Erinnerungsgang an den Weg der jüdischen Oldenburger am 10. November 1938

Wir möchten hier an den Erinnerungsgang am Donnerstag, den 10. November hinweisen und das umfangreiche Programm aufzählen, das die  Berufsbildenden Schulen Haarentor in Kooperation mit dem Arbeitskreis Erinnerungsgang konzipierten.

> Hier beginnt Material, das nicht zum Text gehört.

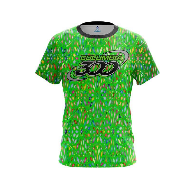 Stay 40% cooler with CoolWick. Our Columbia 300 Kaleidoscope Lime CoolWick Bowling Jerseys are made of two different fabrics with the back being our CoolWick technology fabric that helps wick moisture away and helps air flow more easily through the fibers.
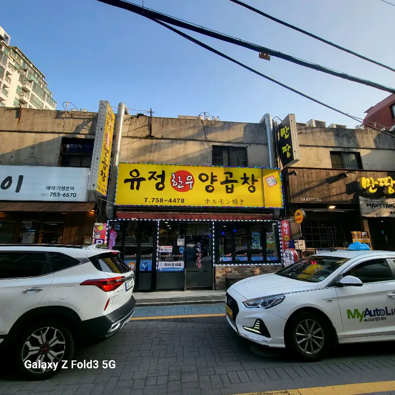 어스름한 저녁, 퇴근 후 발걸음은 자연스레 수영으로 향했다. 오늘따라 유난히 곱창이 당기는 날, 수영에는 곱창 골목이 있다는 정보를 입수하고 벼르던 차였다. 좁다란 골목길을 따라 늘어선 곱창집들 사이에서, 노란 간판에 큼지막하게 쓰인 “유정양곱창”이라는 글자가 눈에 확 들어왔다. 마치 오래된 친구를 만나는 듯한 푸근한 느낌에 이끌려 망설임 없이 문을 열었다.
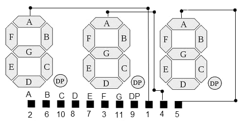 Если подать например плюс одновременно на 1,2,3 и минус через резистор на А, то загорится один одинаковый сегмент на всех трёх знакоместах
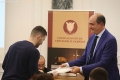 Head of the Constitutional Court Vitore Tusha and one of the winners of the competition Kevin Dervishaliaj during a meeting held in the framework of a competition organized by the OSCE in the field of law. The competition held had as its subject the drafting of an individual constitutional complaint and was held in several universities in Albania.
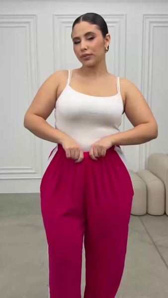 Блуза вільного силуету з бічними розрізами, низ регулюється куліскою. Штани прямого крою, просторі та зручні, доповнені бічними кишенями, поясом на резинці та стильними лампасами.

Wir freuen uns über eine eventuelle Zusammenarbeit mit der Integrierten Gesamtschule Kreyenbrück, die die Gestaltung des Erinnerungsgang 2017 übernimmt. Dies als Ergebnis der Kreyenbrücker Gemeinwesenarbeit, in der wir die Kontakte knüpften.
Im ersten Aufruf von 1981 von Manfred Reck und Klaus Dede werden Sinti als "Zigeuner" erwähnt und in den letzten Jahren ist im Programm von den Deportationen der Sinti die Rede.

Erinnerungsgang 2016

Donnerstag, 10. November, 15 Uhr
Beginn im Hof der Landesbibliothek (hinter der Landesbibliothek am Pferdemarkt)
Verlauf durch die Peterstraße, über den Julius-Mosen-Platz, durch die Haarenstraße, die Lange Straße, am Schloss vorbei und durch die Elisabethstraße zum ehemaligen Gefängnis in der Gerichtsstraße.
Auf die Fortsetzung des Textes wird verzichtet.